We want to calculate the concentrations of all species in a 0.36 M Na2SO3 (sodium sulfite) solution.

For most calculations of this sort, because the Ka2 for H2SO3 (sulfurous acid) is more than 1000 times less than the Ka1, it can be ignored and considered to contribute a non significant amount of ionization.

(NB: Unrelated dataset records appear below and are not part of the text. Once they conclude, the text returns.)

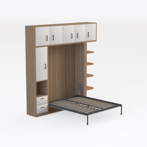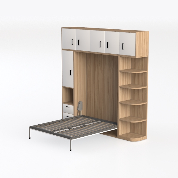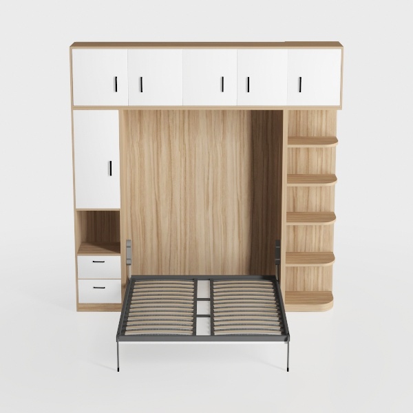 Designed for compact spaces, blending sleek storage with functional sleep, this piece features warm oak wood grains contrasting with crisp white cabinet fronts. Its smooth, tactile surfaces and clean lines create an airy look, ideal for modern minimalist or Scandinavian bedrooms. The hidden bed mechanism frees floor space, while integrated drawers and shelves offer ample storage for linens and essentials, pairing perfectly with linen textiles and geometric rugs.
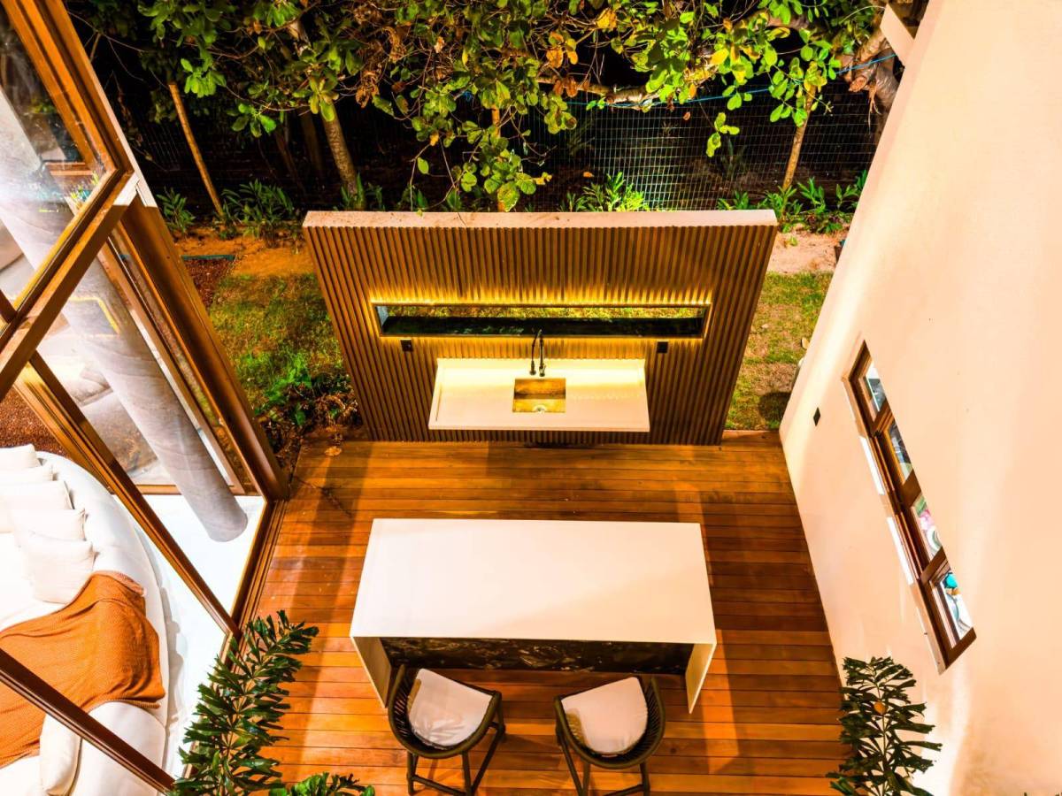 Área gourmet finamente decorada e pergolado externo
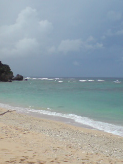 14:30 カレがオススメの長浜ビーチに立ち寄るため海辺をドライブ。
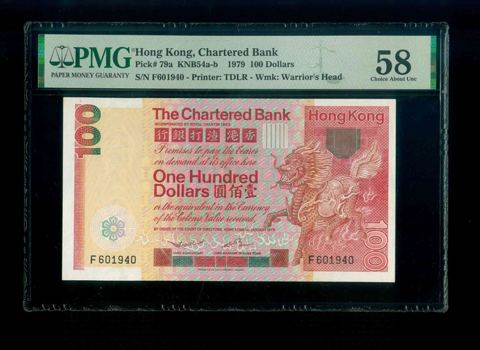 1979 香港渣打銀行 $100 PMG 58 編號:F601940
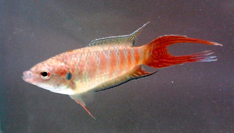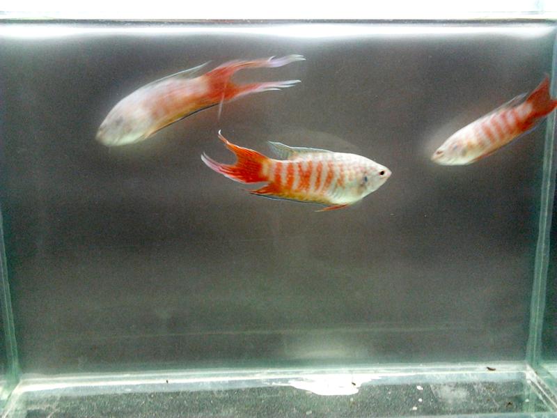 Також є мальок макропода біколор. Фото не робив по тій причині, що окрашуються відносно пізно і на даний момент не в окрасі ще. Така сама ситуація з макроподом супер ред (спеціально для цього фото батька виклав).
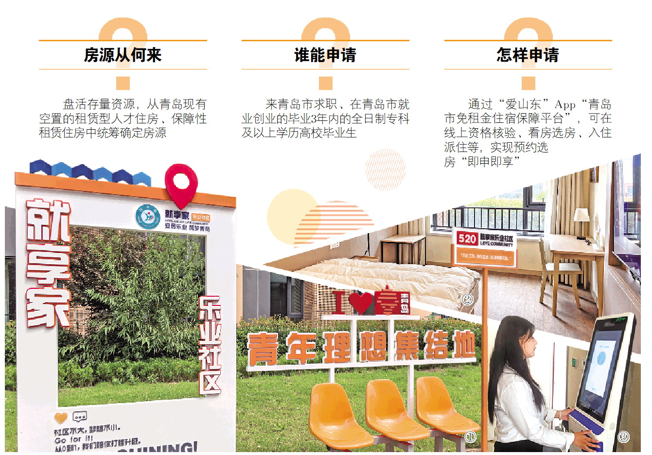 图①:青岛市城阳区龙海路“就享家”乐业社区项目。图②:入住毕业生居住的40平方米房间内景。图③:入住毕业生在“就享家”乐业社区一处求职机上刷脸求职。(□记者 薄克国 通讯员 孙英杰 报道)
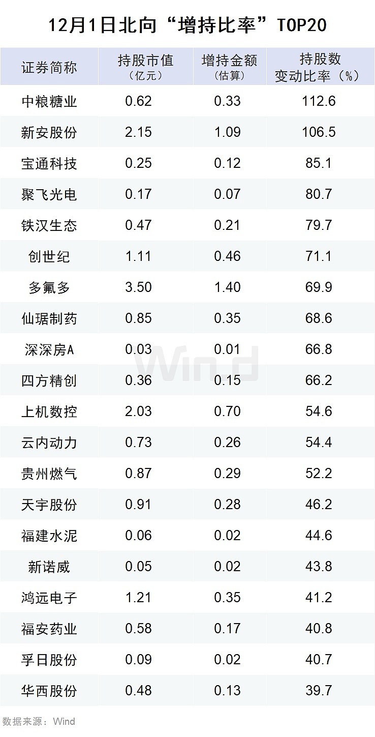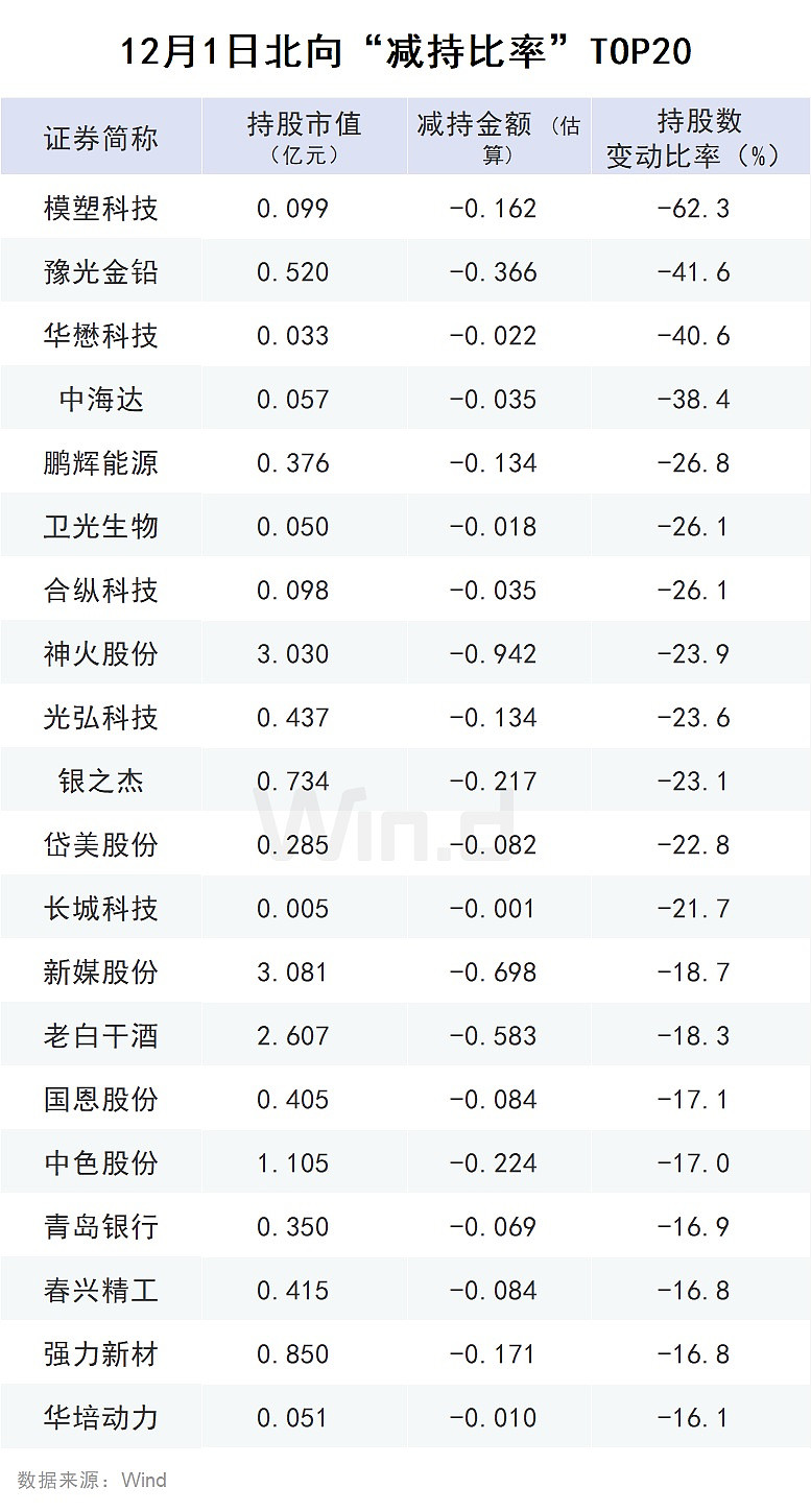 也就是说,12月1日北向资金的交易情况,表现出来的是加仓+锁仓,11月30日,则更多是大买、大卖,调仓的特性更加突出。
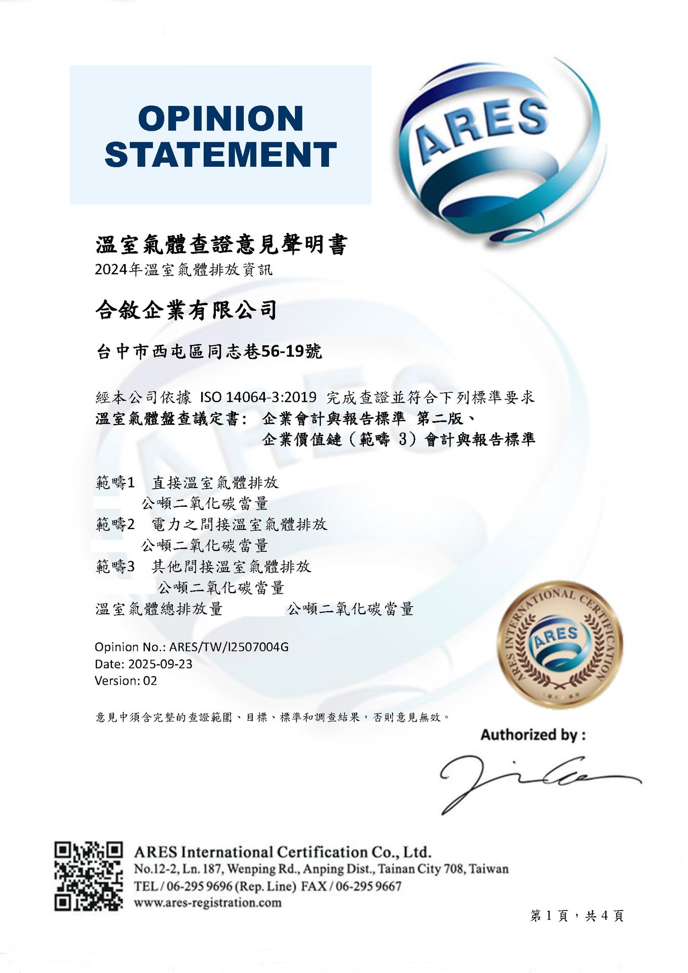 ▲恭喜合敘取得 GHG Protocol 證書
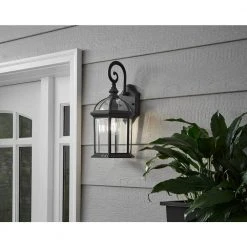 Hampton Bay Wilhelm 12 in. 1-Light Black Farmhouse Semi-Flush Mount Kitchen Ceiling Light Fixture
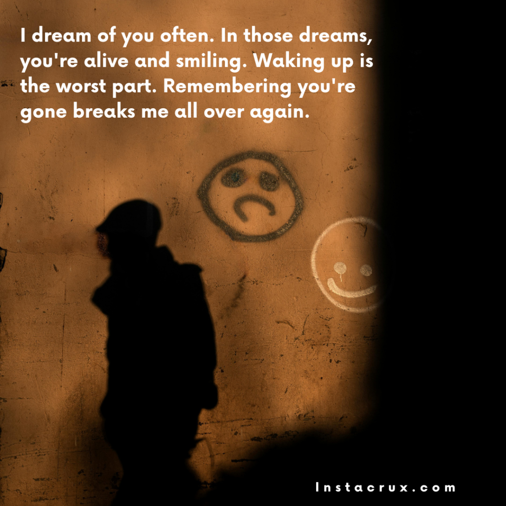 - I dream of you often. In those dreams you’re alive and smiling, Waking up is the worst part, Remembering you’re gone breaks me all over again.
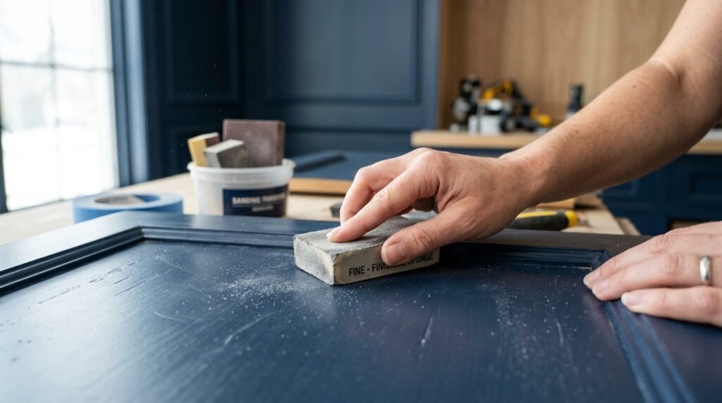Professional painters always sand between coats. Once the first coat of paint is dry, use a 320-grit or 400-grit sanding sponge to lightly buff the surface. This removes any dust motes or bubbles that settled during drying. This tiny extra step is what makes the final surface feel like factory-installed cabinetry.
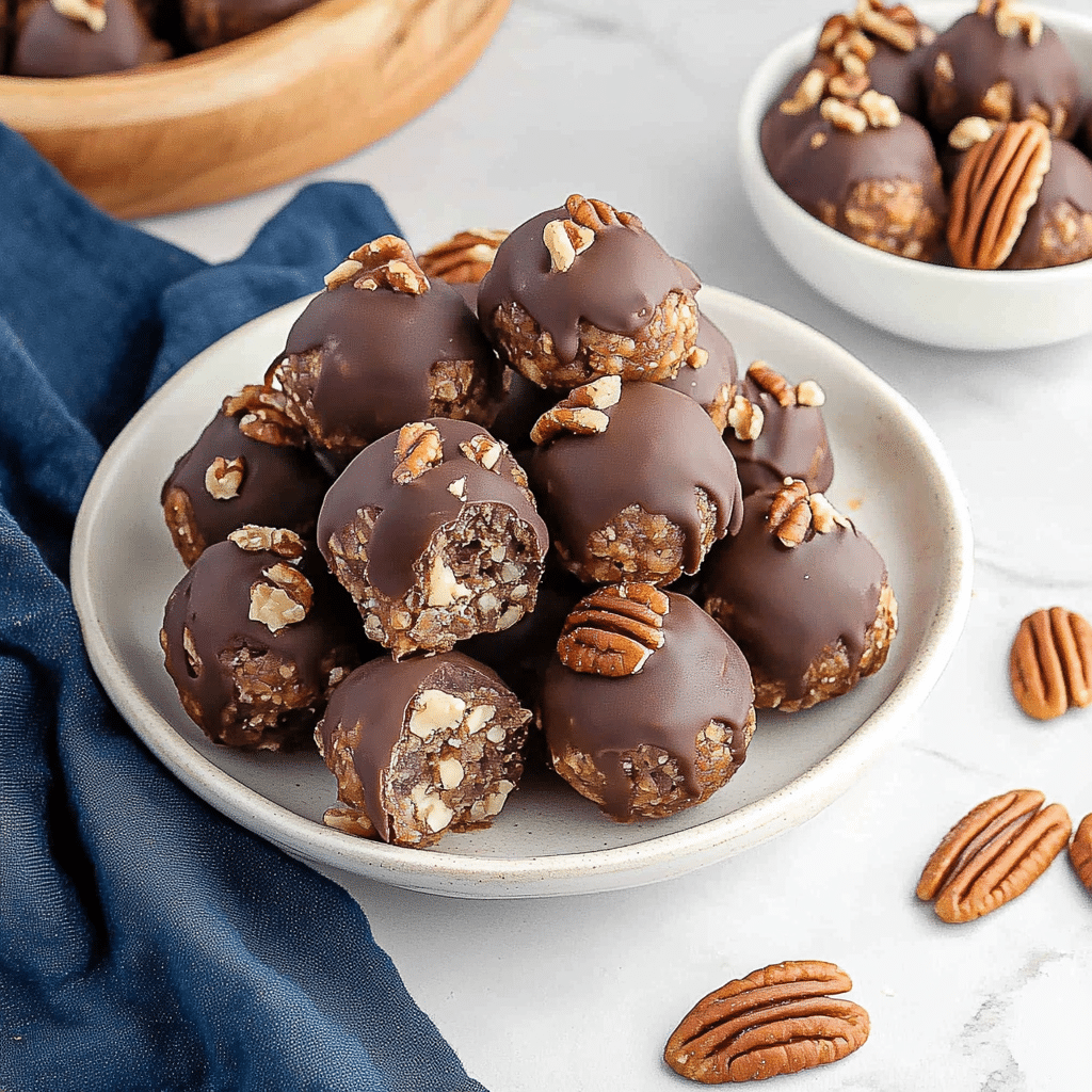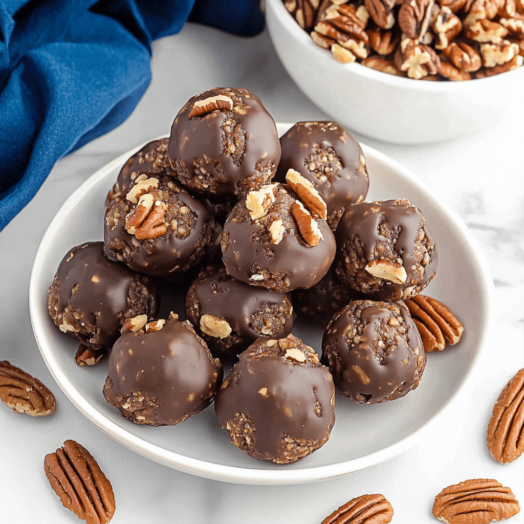 Pecan Pie Balls are a bite-sized, no-bake twist on the traditional Southern pecan pie, and they deliver all the flavor of the classic dessert in a fraction of the time. Perfect for holidays, parties, or cozy evenings at home, these indulgent treats feature the irresistible combination of finely chopped pecans, graham cracker crumbs, and sweeteners like brown sugar, maple syrup, and corn syrup. The mix is held together with butter and flavored with a hint of rum extract, then rolled into balls and dipped in smooth, melted semi-sweet chocolate.

The following calculation assumes just that.

0.36 M Na₂SO₃ ==> 2Na⁺ + SO₃^2-

[Na+] = 2 x 0.36 M = 0.72 M

[SO₃^2-] = 0.36 M

Then, SO₃^2- hydrolyses as follows:

SO₃^2- + H₂O <==> H₂SO₃ and

H₂SO₃ ==> to H⁺ + HSO₃^- Ka1 = 1.4x10^-2

We can find [H⁺], [HSO₃^-] and [H₂SO₃] as follows:

1.4x10^-2 = (x)(x)/0.36 - x

x² = 7.06x10^-3 - 1.4x10^-2x

x = 0.077 M = [H⁺] = [HSO₃^-]

[H2SO3] = 0.36 M - 0.077 M = 0.28 M

Summary (ignoring 2nd ionization of H₂SO3 which would be HSO₃^- ==> H⁺ + SO₃^2-), we have..

[Na⁺] = 0.72 M

[H⁺] = 0.077 M

[HSO₃^-] = 0.077 M

[H₂SO₃] = 0.28 M

Do the other one the same way, except use Ka2 (not Kb2) as 6.3x10^-8. I'm guessing that's a typo).